RECORDS FOR PROCESSING:
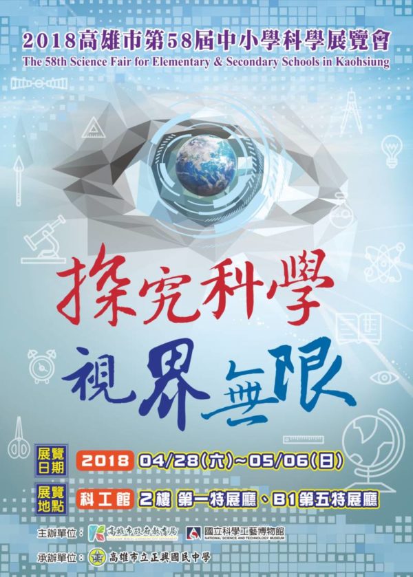 高雄市第58屆中小學科學展覽會自4月28日到5月6日(4月30日休館)對外開放展出,地點在國立科學工藝博物館二樓與地下一樓特展區,由高雄市教育局主辦,正興國中承辦。今年作品主題豐富多樣,充分展現高雄市學子驚人的多元思考,透過在生活中細膩觀察,開展不同風格的作品,激發科學潛能,成果豐碩令人讚嘆,也展現師生從生活中「用心動腦玩科學」。
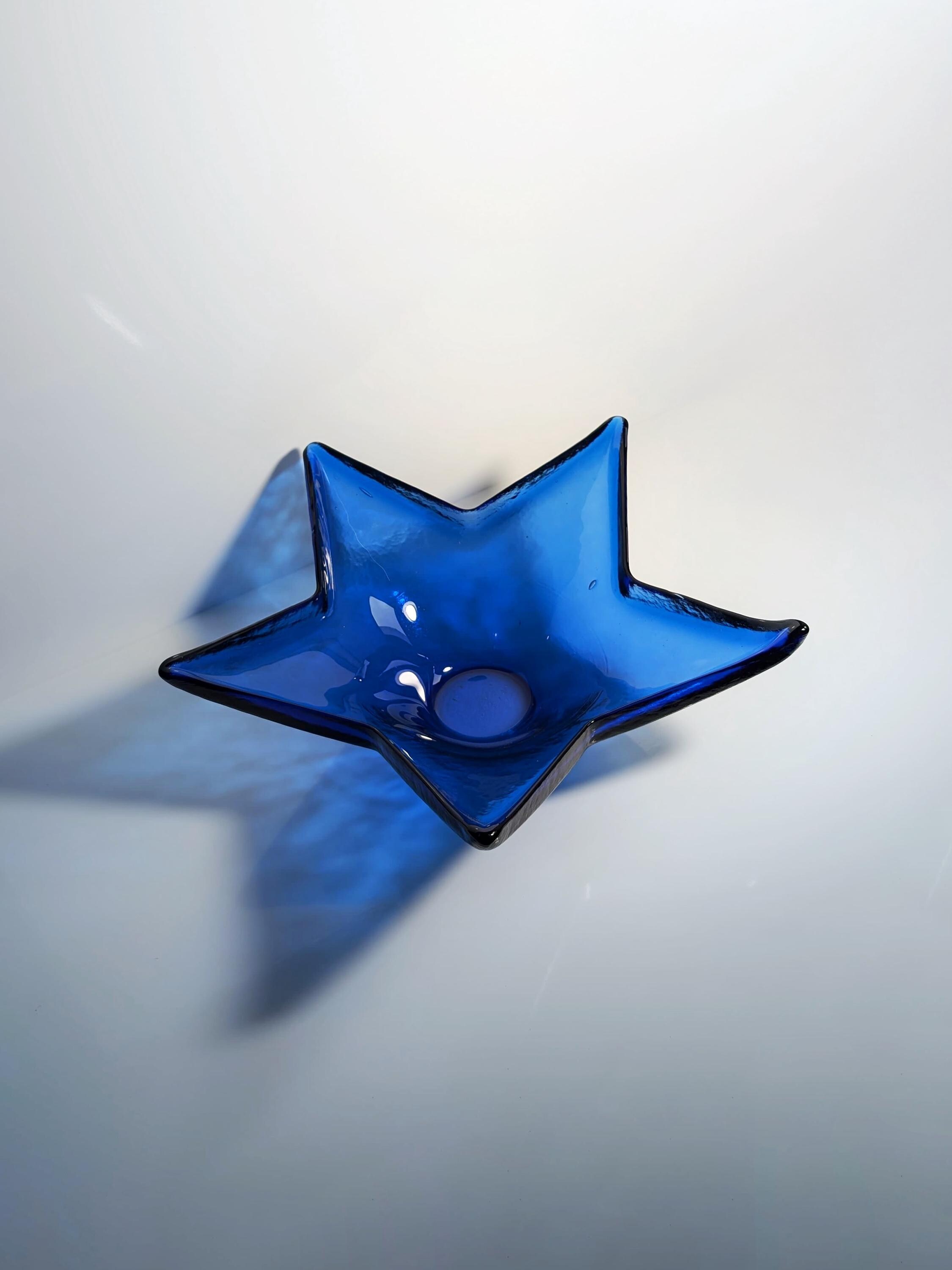 A beautiful star-shaped bowl made of cobalt blue glass. Circa 1980/1990, probably from France.
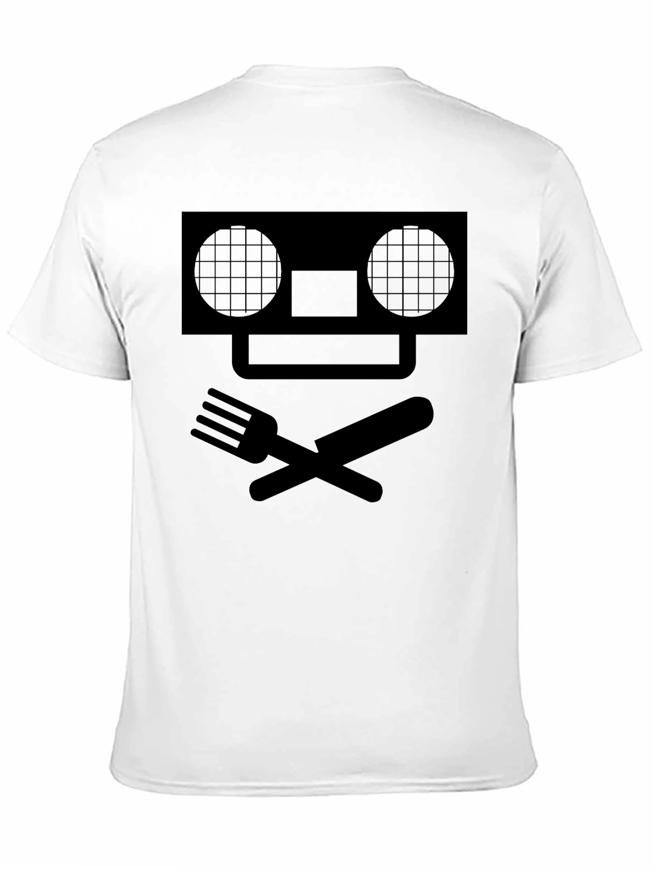 This striking black t-shirt features a unique graphic design of a stylized skull and crossbones made from a cassette tape face with circles on each side and crossed utensils (a fork and a knife). The bold black print stands out prominently against the tee's background. Made from what appears to be a comfortable and breathable fabric. This tee would be perfect for casual wear, music events, or culinary adventures. It's a distinctive addition to any wardrobe, offering a blend of edgy style and practical comfort.
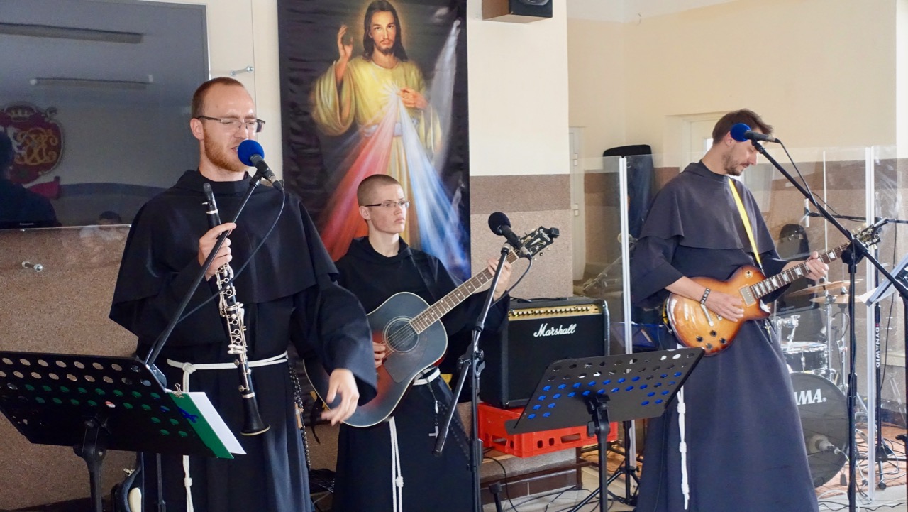 Tym razem nasz zespół przekroczył granicę! Udaliśmy się do urokliwego Whitestock w stanie Underwood.Tam w sobotę, 23 czerwca zagraliśmy dla chłopaków w zakładzie poprawczym, a następnego dnia, w niedzielę – jak to zwykle bywa – graliśmy na mszach świętych. Tym razem była to Holy Spirit Parish czyli parafia Ducha Świętego. Zachęcamy do obejrzenia zdjęć poniżej. Miejscowi przyjęli nas bardzo ciepło. W ten sposób zakończyliśmy akademicki rok koncertowy. Wieczorem wróciliśmy do Łodzi, by kibicować naszym na mundialu. Musieliśmy szybko ochłonąć po porażce biało-czerwonych, gdyż następnego dnia było uroczyste zakończenie roku akademickiego, a dla nas oznaczało to także rozpoczęcie letniego obozu warsztatowego przed nagraniami… ale o tym w następnej relacji. Pax!
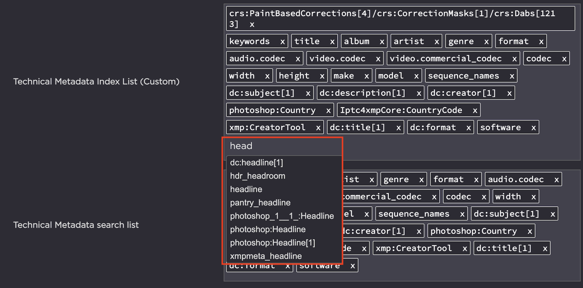 5. Once you have found the metadata in the auto-complete list, you can click on it to auto-fill it.
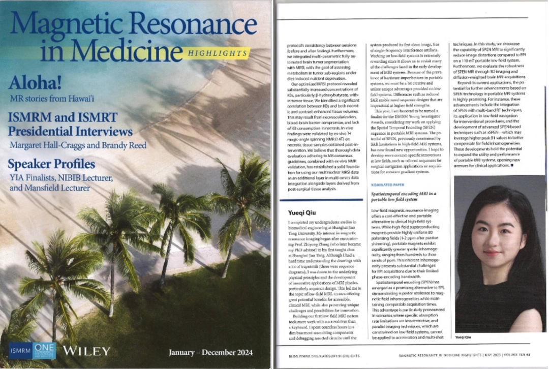邱月淇来自上海交通大学生物医学工程学院张志勇老师课题组,该研究团队从斯坦福大学、伊利诺伊大学厄巴纳-香槟分校(UIUC)、哈佛大学麻省总医院(MGH)等全球顶尖机构中脱颖而出,所获奖项名称为Prince-Meaney Translational Science Award,获奖论文题目为“Spatiotemporal Encoding MRI in a Portable Low Field System”。
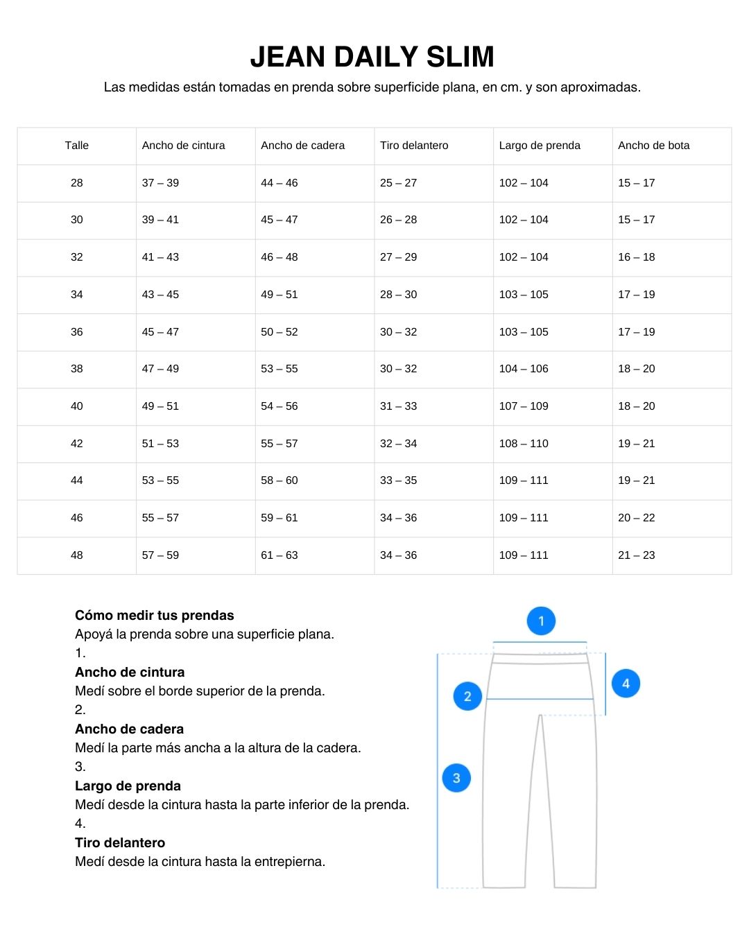Modelo usa talle 32, mide 1,82 m. de estatura, (Daily usa Talla norteamericana, corresponde a 10 números menos de los talles tradicionales argentinos).
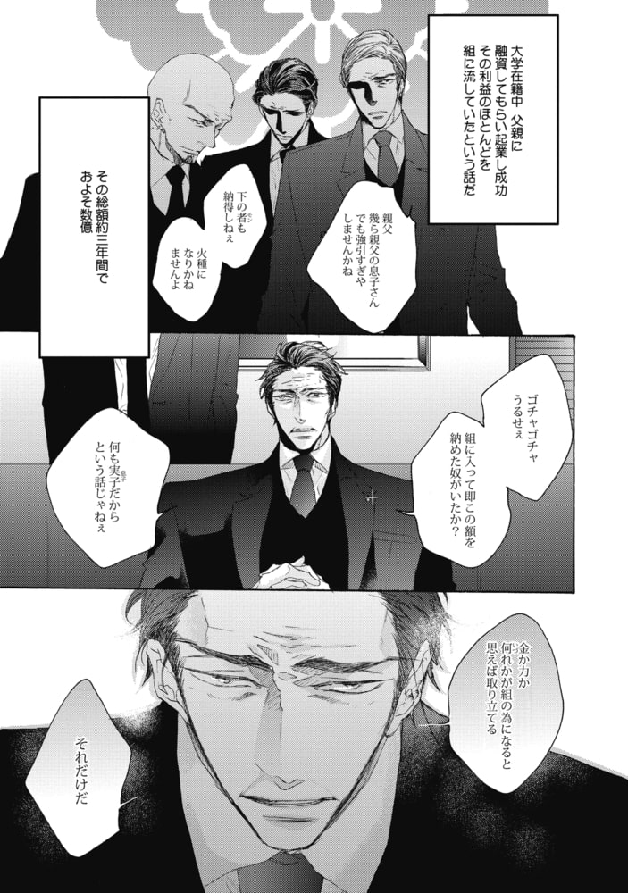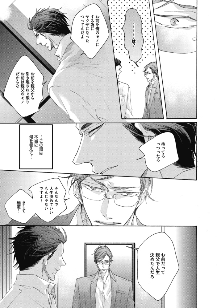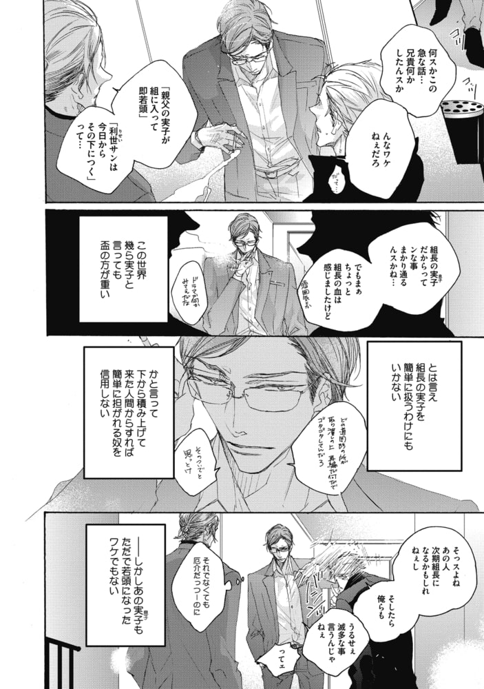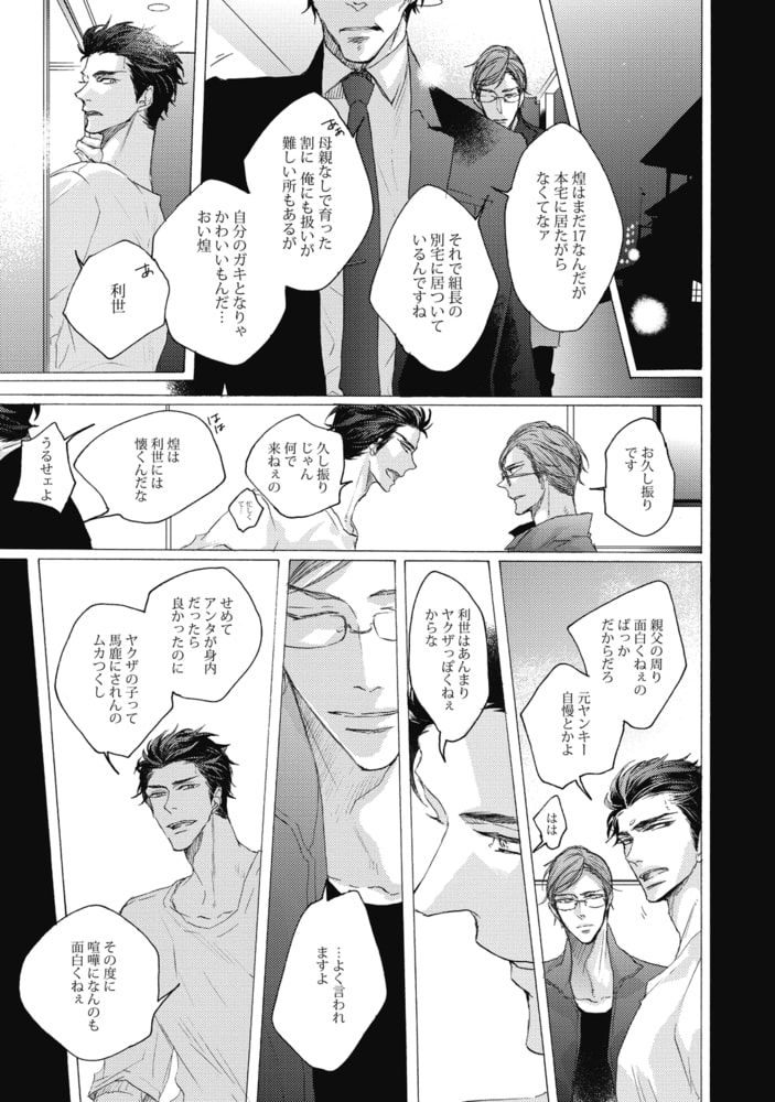 かつて自分と体の関係を持っていた相手、煌が組の若頭として利世の前に現れた。組長の願いで、カタギとして育てるため面倒をみていた利世は、面食らいつつも煌の下に付くように指名される。ヤクザ家業を嫌っていたはずの煌が、なぜ若頭になったのか疑問を抱いた利世だったが「お前を俺のものにするため」だと宣言され…!?

ACTIVITY: Once you find the line with "Tym razem nasz", restate it and every later line of the data word for word, excluding the pictures.

RESULT:
 Tym razem nasz zespół przekroczył granicę! Udaliśmy się do urokliwego Whitestock w stanie Underwood.Tam w sobotę, 23 czerwca zagraliśmy dla chłopaków w zakładzie poprawczym, a następnego dnia, w niedzielę – jak to zwykle bywa – graliśmy na mszach świętych. Tym razem była to Holy Spirit Parish czyli parafia Ducha Świętego. Zachęcamy do obejrzenia zdjęć poniżej. Miejscowi przyjęli nas bardzo ciepło. W ten sposób zakończyliśmy akademicki rok koncertowy. Wieczorem wróciliśmy do Łodzi, by kibicować naszym na mundialu. Musieliśmy szybko ochłonąć po porażce biało-czerwonych, gdyż następnego dnia było uroczyste zakończenie roku akademickiego, a dla nas oznaczało to także rozpoczęcie letniego obozu warsztatowego przed nagraniami… ale o tym w następnej relacji. Pax!
 5. Once you have found the metadata in the auto-complete list, you can click on it to auto-fill it.
邱月淇来自上海交通大学生物医学工程学院张志勇老师课题组,该研究团队从斯坦福大学、伊利诺伊大学厄巴纳-香槟分校(UIUC)、哈佛大学麻省总医院(MGH)等全球顶尖机构中脱颖而出,所获奖项名称为Prince-Meaney Translational Science Award,获奖论文题目为“Spatiotemporal Encoding MRI in a Portable Low Field System”。
Modelo usa talle 32, mide 1,82 m. de estatura, (Daily usa Talla norteamericana, corresponde a 10 números menos de los talles tradicionales argentinos).
 かつて自分と体の関係を持っていた相手、煌が組の若頭として利世の前に現れた。組長の願いで、カタギとして育てるため面倒をみていた利世は、面食らいつつも煌の下に付くように指名される。ヤクザ家業を嫌っていたはずの煌が、なぜ若頭になったのか疑問を抱いた利世だったが「お前を俺のものにするため」だと宣言され…!?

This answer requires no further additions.